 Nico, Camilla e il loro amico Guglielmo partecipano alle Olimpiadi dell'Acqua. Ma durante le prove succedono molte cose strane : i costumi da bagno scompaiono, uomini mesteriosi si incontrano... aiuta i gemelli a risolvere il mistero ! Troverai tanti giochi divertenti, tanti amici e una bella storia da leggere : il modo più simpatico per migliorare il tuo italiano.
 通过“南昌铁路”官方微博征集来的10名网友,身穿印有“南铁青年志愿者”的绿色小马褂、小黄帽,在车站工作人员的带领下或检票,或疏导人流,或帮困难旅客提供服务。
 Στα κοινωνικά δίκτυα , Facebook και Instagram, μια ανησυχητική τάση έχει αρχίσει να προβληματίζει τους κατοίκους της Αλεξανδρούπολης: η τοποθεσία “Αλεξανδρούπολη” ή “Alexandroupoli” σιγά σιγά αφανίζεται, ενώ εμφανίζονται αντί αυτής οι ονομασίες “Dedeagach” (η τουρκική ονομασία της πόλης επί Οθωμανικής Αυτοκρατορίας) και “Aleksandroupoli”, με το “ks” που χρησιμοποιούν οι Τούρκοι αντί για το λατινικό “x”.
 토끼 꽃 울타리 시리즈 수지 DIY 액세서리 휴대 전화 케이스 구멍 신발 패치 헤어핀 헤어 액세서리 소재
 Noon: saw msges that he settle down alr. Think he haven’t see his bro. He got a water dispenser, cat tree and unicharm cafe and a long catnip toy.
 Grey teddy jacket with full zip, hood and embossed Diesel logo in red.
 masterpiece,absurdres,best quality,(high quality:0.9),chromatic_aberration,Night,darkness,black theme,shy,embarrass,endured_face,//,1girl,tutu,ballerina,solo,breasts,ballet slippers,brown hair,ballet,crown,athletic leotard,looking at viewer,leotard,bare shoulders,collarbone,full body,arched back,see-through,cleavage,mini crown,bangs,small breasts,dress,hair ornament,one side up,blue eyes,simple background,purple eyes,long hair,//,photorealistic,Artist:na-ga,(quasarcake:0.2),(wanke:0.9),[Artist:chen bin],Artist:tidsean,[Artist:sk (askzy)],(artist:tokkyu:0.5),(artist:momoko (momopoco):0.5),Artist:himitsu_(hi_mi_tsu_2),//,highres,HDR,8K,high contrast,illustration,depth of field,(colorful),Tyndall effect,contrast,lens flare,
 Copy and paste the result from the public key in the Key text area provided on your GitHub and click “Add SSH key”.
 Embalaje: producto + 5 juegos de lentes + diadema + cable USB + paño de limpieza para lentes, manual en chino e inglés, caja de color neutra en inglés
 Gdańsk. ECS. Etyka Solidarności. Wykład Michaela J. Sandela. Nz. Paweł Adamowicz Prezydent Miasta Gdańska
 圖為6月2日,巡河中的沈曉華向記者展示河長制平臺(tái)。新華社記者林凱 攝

==============================

= What the exercise asks =
Search the material above for the string "full", and copy every line in which it turns up.

= Solution =
 Grey teddy jacket with full zip, hood and embossed Diesel logo in red.
 masterpiece,absurdres,best quality,(high quality:0.9),chromatic_aberration,Night,darkness,black theme,shy,embarrass,endured_face,//,1girl,tutu,ballerina,solo,breasts,ballet slippers,brown hair,ballet,crown,athletic leotard,looking at viewer,leotard,bare shoulders,collarbone,full body,arched back,see-through,cleavage,mini crown,bangs,small breasts,dress,hair ornament,one side up,blue eyes,simple background,purple eyes,long hair,//,photorealistic,Artist:na-ga,(quasarcake:0.2),(wanke:0.9),[Artist:chen bin],Artist:tidsean,[Artist:sk (askzy)],(artist:tokkyu:0.5),(artist:momoko (momopoco):0.5),Artist:himitsu_(hi_mi_tsu_2),//,highres,HDR,8K,high contrast,illustration,depth of field,(colorful),Tyndall effect,contrast,lens flare,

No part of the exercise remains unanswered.